By Fatskills Exam Guides Team — the exam nerds behind 28,500+ quizzes and 2.1M practice questions across 500+ global exams.
A high-density, practical guide for nurses and healthcare providers.
This guide provides evidence-based nursing interventions for schizophrenia, bipolar disorder, and major depressive disorder (MDD). It helps nurses assess, manage, and support patients while preventing complications like relapse, self-harm, or medication non-adherence.
Why use it? Mental health disorders affect 1 in 5 adults globally. Nurses play a critical role in stabilization, safety, and long-term recovery—this guide ensures immediate, actionable care strategies.
Mental health disorders arise from biological (genetics, neurochemistry), psychological (trauma, coping), and social (isolation, stigma) factors. - Nursing focus: Address all three domains (e.g., meds + therapy + family support).

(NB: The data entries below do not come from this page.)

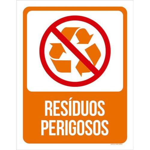Kit 3 Placas Sinalização - Lixo Laranja Resíduos Perigosos Placas de sinalizaço fabricadas com poliestireno de alto impacto PSAI de 2mm e impressão ultravioleta.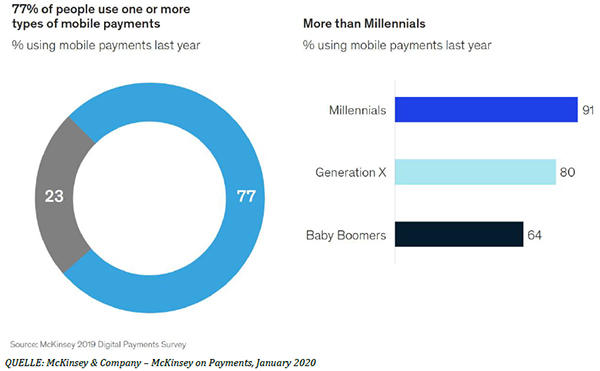 Damit verstärkt die Corona-Krise den bereits laufenden Digitalisierungstrend. Denn bereits vor dem Ausbruch der Pandemie haben in den USA 77 % der Nutzer mobile Zahlungsarten genutzt, bei den Millennials waren es sogar 91 %, wie eine Marktstudie von McKinsey belegt.13 Das Thema Digitalisierung ist also keinesfalls neu, aber die Kombination aus dem generellen Digitalisierungstrend und der gestiegenen Nachfrage nach völlig kontaktlosen Zahlungsmöglichkeiten verstärken sich gegenseitig und beschleunigen den Industriewandel noch weiter. Genau das bietet attraktive Wachstumschancen – insbesondere für innovative Anbieter.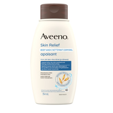 - 354-millilitre bottle of Aveeno Skin Relief Fragrance-Free Body Wash designed for dry and sensitive skin with a Triple Oat formula leaves itchy, dry skin feeling soothed and moisturized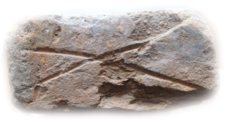 При обследовании памятников истории и культуры XVII–XVIII веков была обнаружена одна, часто повторяющаяся метка. Данная метка была найдена на объектах истории и культуры в Тюменской и Курганской областях (Рис. 2). Ввиду того, что в данный период времени мастеров-каменщиков в Сибири было очень мало и они переходили из одной местности в другую в поисках работы, не исключено, что подобные метки ставили мастера при производстве кирпичей в соседних Свердловской и Челябинской областях. Назначение метки может быть различно: от простой количественной маркировки (например, могли маркировать каждый сотый или тысячный кирпич в партии) до определения усадки сырца при сушке и обжиге или других технологических параметров. Возможно, что эта метка выполняла двойственную функцию: количественную и технологическую одновременно.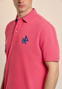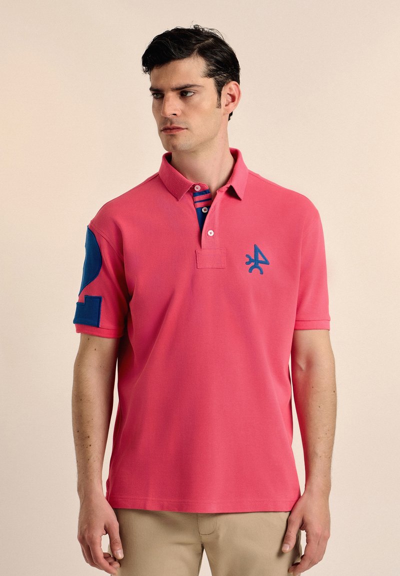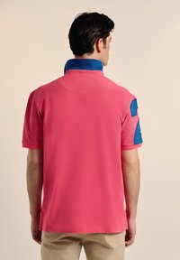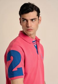 Camisa polo rosa con una tapeta de dos botones, acentos azules en los hombros y un logo azul en el pecho. Mangas cortas, tela texturizada.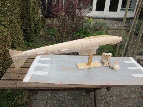 The Hjordis is now making good progress. Spent an afternoon preparing all the actuation rods . I sheeted the wing center section and made a hatch in it, to get to the connections. I also made a bust for the pilot, because of the lipo it couldn't fit a complete pilot.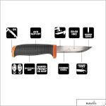 Malzeme – Bıçak ağzı birinci sınıf karbon çeliktendir. Bıçak birkaç adımda bilenir ve ardından özellikle keskin hale getirmek için deri üzerine çekilir. Sap ve kılıf uzun ömürlü polipropilen plastikten üretilmiştir. Sapın Santopren kaplaması kaymadan güvenli bir çalışma sağlar.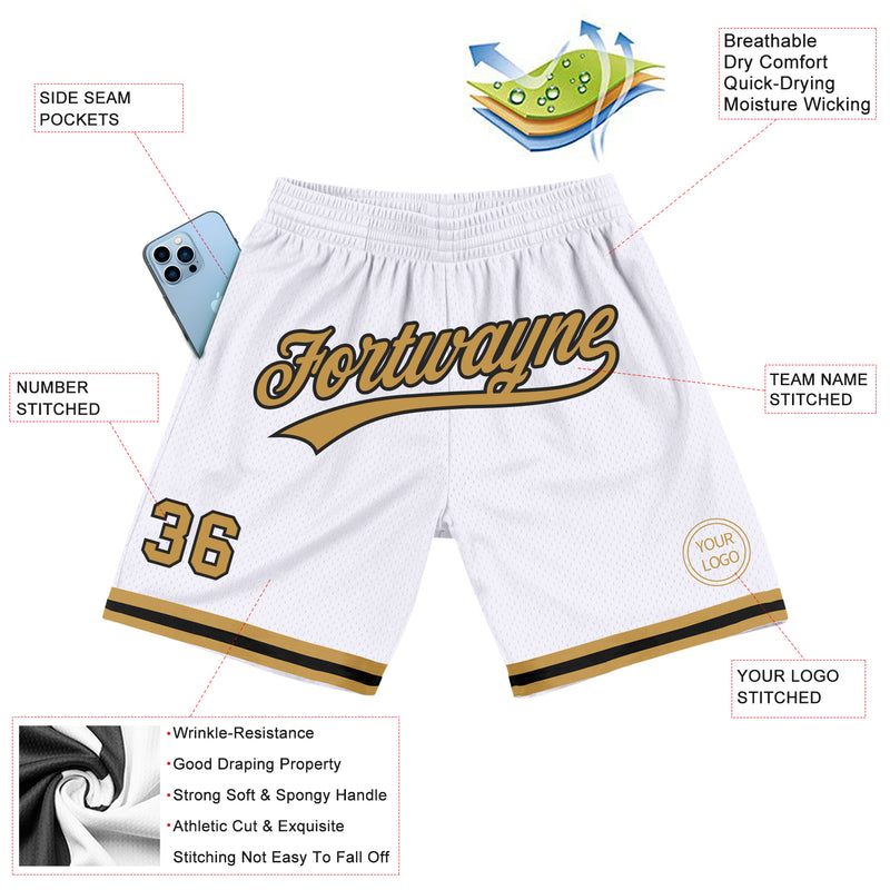 Custom White Old Gold-Black Authentic Throwback Basketball Shorts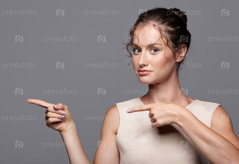 Красивая молодая женщина улыбается и указывает на пространство для копирования на сером фоне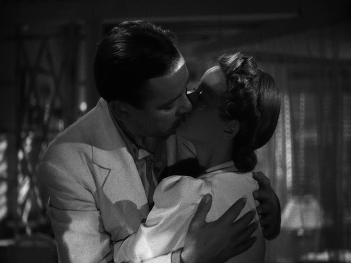 A soft halo of strings surrounds the kiss in this scene [the music is interrupted at the end by an awkward film cut] |
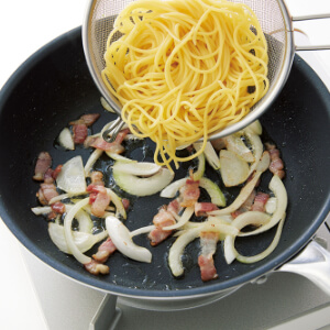 フライパンにオリーブ油大さじ1を中火で熱し、ベーコンとたまねぎを加えて2~3分間炒める。ゆでたスパゲッティを加え、大きく4~5回混ぜて火を止める。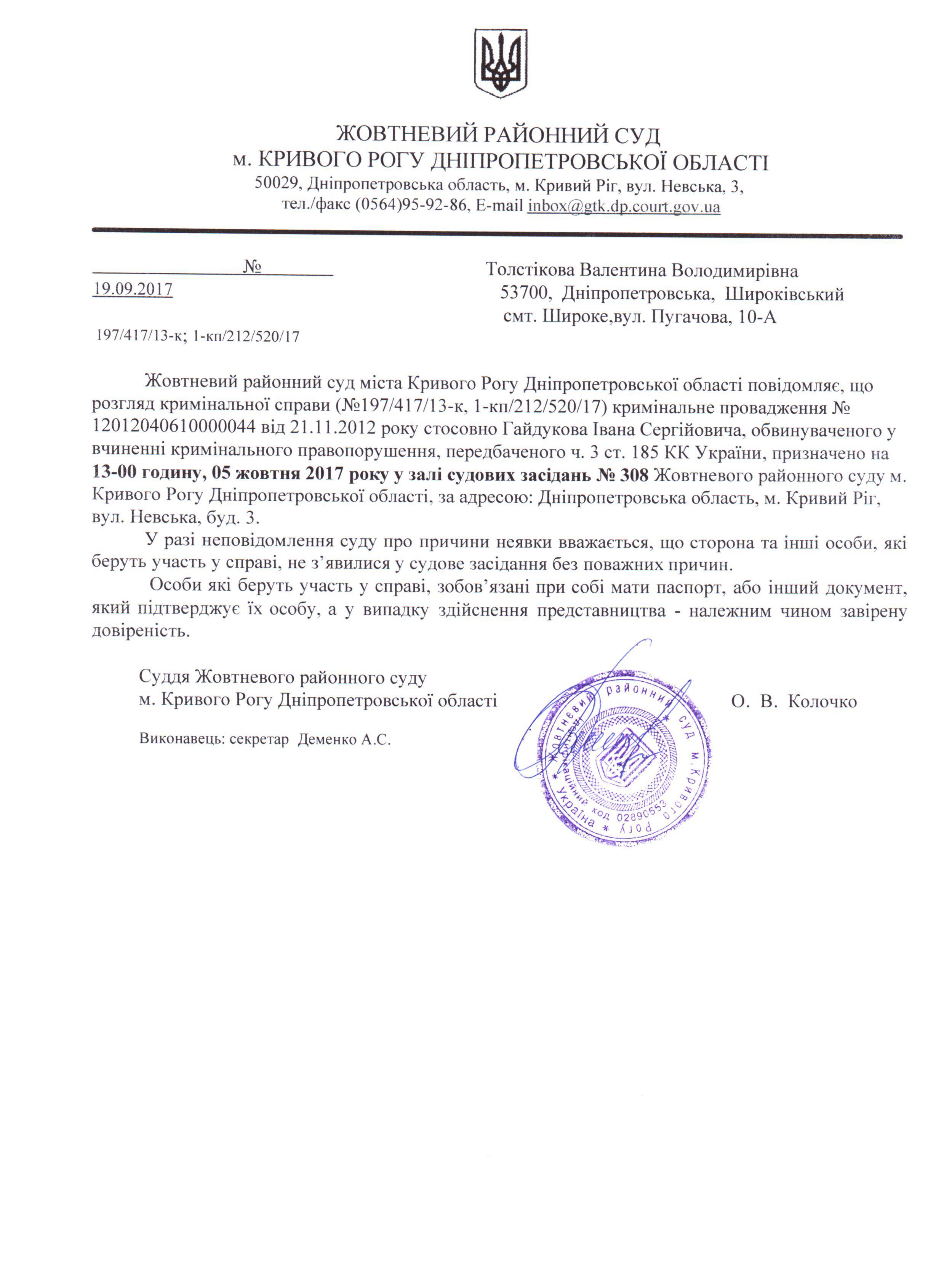 Повідомлення про розгляд кримінальної справи стосовно Гайдукова Івана Сергійовича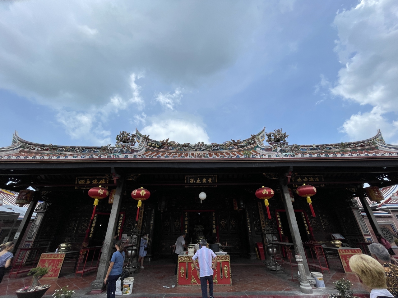 寺院に向かう道は、夜になると屋台が出てとてもにぎわうそうです。寺院も人気の場所のようで沢山の人が途切れずに参拝に来ていました。本堂には3体仏様がいらっしゃいますが、ご本尊は真ん中の観音菩薩様です。裏の方にも安産の神様など色々な仏様がいらっしゃいました。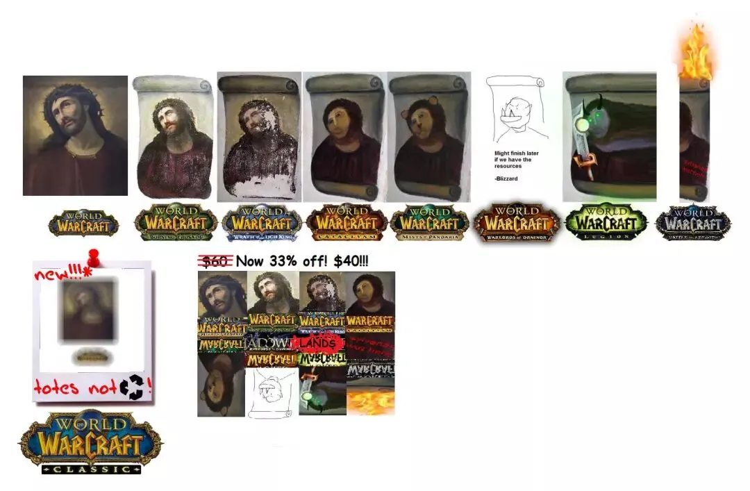 我们且不说《魔兽世界》玩家由爱生恨,吐槽它的剧情神展开,在许多人眼里,一款延续了十几年生命的网络游戏,经过多次迭代,显然就像图中这个梗一样,它的形象是越来越模糊的。

Example Workflow for Acute Psychosis (Schizophrenia): - Step 1: Assess for hallucinations/delusions (e.g., "Do you hear voices others don’t?"). - Step 2: De-escalate (low-stimulus environment, calm tone). - Step 3: Administer PRN antipsychotic (e.g., haloperidol 5mg IM). - Step 4: Reorient ("You’re safe in the hospital. I’m your nurse, [Name]."). - Step 5: Document (behavior, response to meds, safety plan).
Expected Outcome: - Patient denies active suicidal intent by discharge. - Identifies 2 coping strategies (e.g., calling a friend, journaling).
A patient with schizophrenia reports hearing voices telling him to jump out a window. What is the priority nursing intervention?
A) Administer PRN haloperidol 5mg IM. B) Place the patient on 1:1 observation and remove hazards. C) Ask the patient to describe the voices in detail. D) Document the hallucination and continue routine care.
Correct Answer: B Explanation: Safety first—suicidal command hallucinations require immediate observation and environmental control. Why the Distractors Are Tempting: - A: Meds help, but safety is the priority. - C: Important later, but not urgent. - D: Documentation is key, but not the first action.
A patient with bipolar disorder stops taking lithium because "I feel fine now." What is the best nursing response?
A) "You must take it or you’ll get sick again." B) "Let’s discuss the risks of stopping lithium suddenly." C) "I’ll call your psychiatrist to adjust your dose." D) "Have you considered a different mood stabilizer?"
Correct Answer: B Explanation: Psychoeducation (not confrontation) improves adherence. Explain rebound mania/depression risk. Why the Distractors Are Tempting: - A: Sounds authoritative but may increase resistance. - C: Psychiatrist may adjust dose, but nurse should educate first. - D: Alternative meds may help, but not the immediate priority.
A depressed patient says, "I don’t want to live anymore." What is the most important follow-up question?
A) "Have you ever tried to kill yourself before?" B) "What’s making you feel this way?" C) "Do you have a plan to end your life?" D) "Have you told your family about this?"
Correct Answer: C Explanation: Assessing plan/means determines immediate risk level (e.g., access to guns, pills). Why the Distractors Are Tempting: - A: Important for history, but not the most urgent. - B: Helps understand causes, but doesn’t assess risk. - D: Family support is key, but not the priority in crisis.